According to an essential feature of the invention, the secret code, CODE No. 1, CODE No. 2, etc., therefore occupies the place of the first word physically stored in the addressed partition of the memory. According to another essential feature, the usable partition of the memory 407, for example the partition 409, attached to the first word of the area 410 which contains the secret code CODE N ° 1, is physically close to this word 410. This physical proximity s 'explains by the fact that the memory words of the partition 409 of the memory 407 have moments of address A0 and A3 which are the same as those of the secret code which governs this zone 409.

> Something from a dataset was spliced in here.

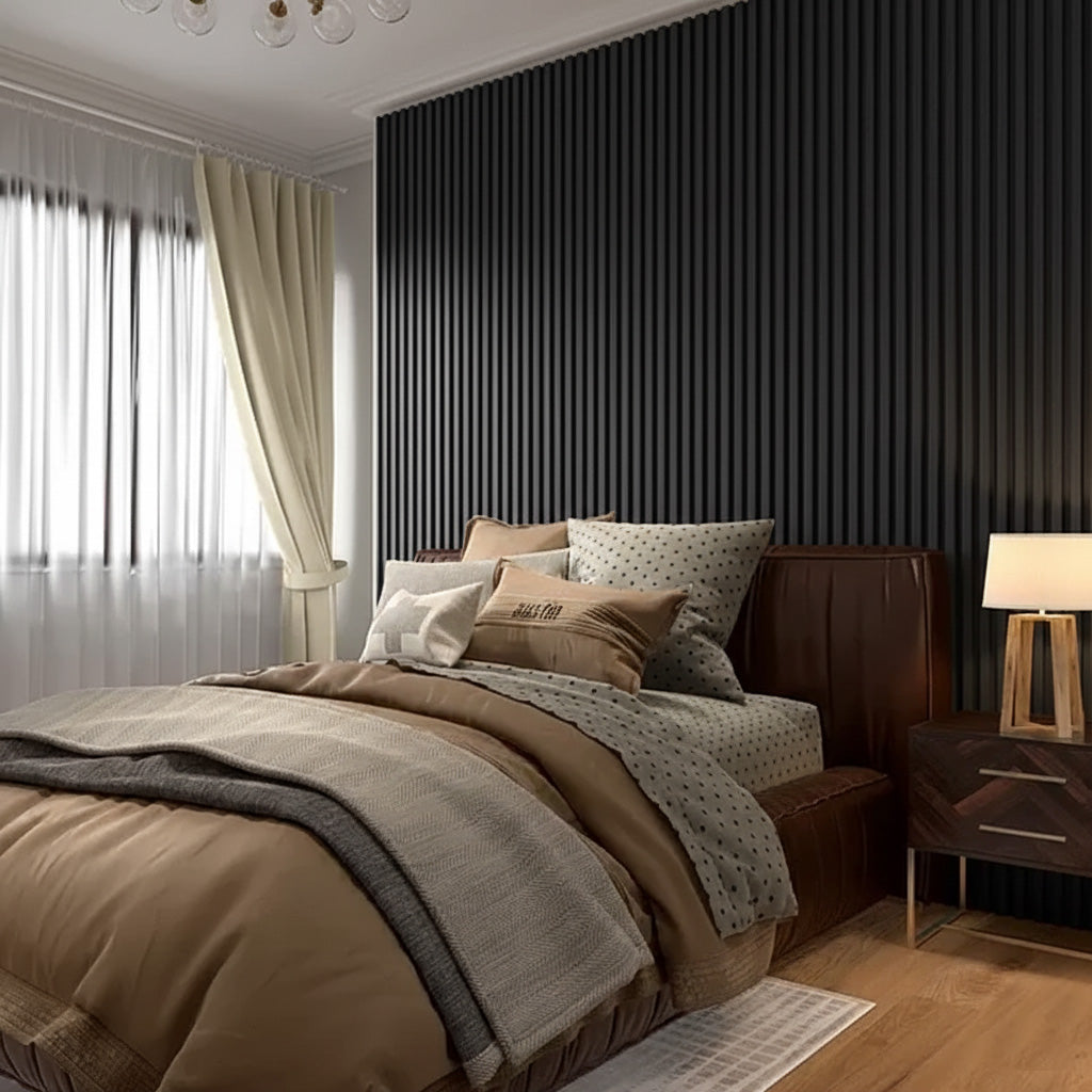 Panel Pvc Revestimiento Muros y Cielos 2,6mt X 15cm X 10mm Negro

The addressing of the different memory words in the partition 409 is then carried out as follows. Part of the address is supplied to the decoder 406 by the predecoder 405 (frozen in this state throughout the application). Another part is conventionally supplied by a counter 411 receiving CLKV clock signals validated (to arrive at the correct memorized word) and connected to a predecoder 412. This latter link is of the same type as that which connects the registers 401-404 to the predecoder 405. The predecoder 412 transforms the count of the counter 411 into address signals. For example, the counter can count from 0 to 2 ⁿ and the predecoder 412 therefore has n connections and output. These n connections lead to n inputs of the decoder 406. Of these n inputs, n-1 are useful for accessing all the memory words of the partition 409. Once this access has been made, the counter 411 is counted up to not. We then arrive at a fictitious memory word at the output of the decoder 406. The fictitious memory word consists of a connection 413 connected to a reset input of the counter 411. We can then start another account to access an address again of partition 409. You cannot access other words than those of this partition.

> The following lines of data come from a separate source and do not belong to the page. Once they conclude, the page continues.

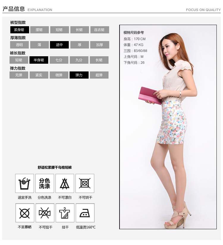 Size M code: waist circumference 54-80, hip circumference 66-100, hem 60, skirt length 38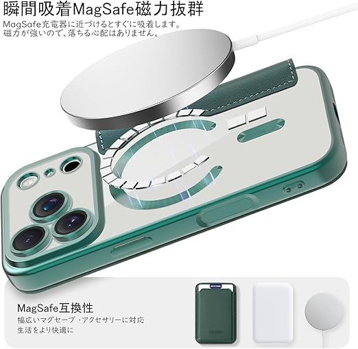 「MagSafe対応専用・強力な磁力吸着!」携帯をもっと便利に使いたいのですが、MagSafeに影響しないケースはありますか?これを試してみて! ケース内部は38個強力なマグネットを搭載、超吸着能力でいくら振っても落ちない。ワイヤレス充電だけでなく、Magsafe対応スタンド&リングも対応、リラックスした生活に重宝する。
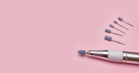 Hardware manicure. Elderly hands. Flat layout. Color background. Nozzles for manicure machine.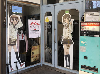 商店街の一角にある店に目が留まる。昭和を感じさせる外観にたまゆらキャラの等身大ポップが窓越しにふたつ、さらにたまゆらキャラが着ている制服のコスプレ衣装も展示。扉の横には「CIGARETTES」と書かれた見たことも無い古いタバコの自販機があり、しかし販売されているのはたまゆらグッズ。窓越しに店内を覗くと何やら物がいっぱい置かれていて、まるで倉庫のよう。「レンタルショップ」と書かれてあるが、雑貨のレンタルでもしているのだろうか。営業しているのかも不明、謎だらけの店だ。ともあれこういうちょっとした発見が面白い。 |

By doing so, a first result is obtained by which the addresses in the zones are identical seen from the user side since the users have only the n moments of address at their disposal. In other words, the addressing is limited from 1 to 2 ^n_1 -, and this addressing is the same for all the zones. Second, we get a secure memory partition. It is not indeed possible with an application to which a zone is allocated to go to use the information located in another zone since the first four address bits remain frozen.

Claims

1 - Method for distributing the memory of an integrated circuit without microprocessor between several applications in which

- the memory (103) is divided into several zones (n) each corresponding to an application,

- we associate a code to each zone

- And we present (101) this code to the circuit to authorize (102) when it is recognized the access to the zone with which it is associated, characterized in that

- the code is divided into two parts, one (201) corresponding to the number of the associated zone, and the other (202) forming a secret code intended to protect access to the application contained in said zone, - the part (201) corresponding to the zone number is placed before the other part, taking into account the direction of introduction of the code into the circuit

- And we use in particular as the address of the zones the part of the codes which corresponds to this zone number so that the addresses in the zones are reduced and identical seen from the user side.

2 - Method according to claim 1, characterized in that the secret codes are placed at the head (410) of the corresponding zones (409) of the memory (103). 3 - Method according to claim 2, characterized in that the secret codes are placed in a table of secret codes.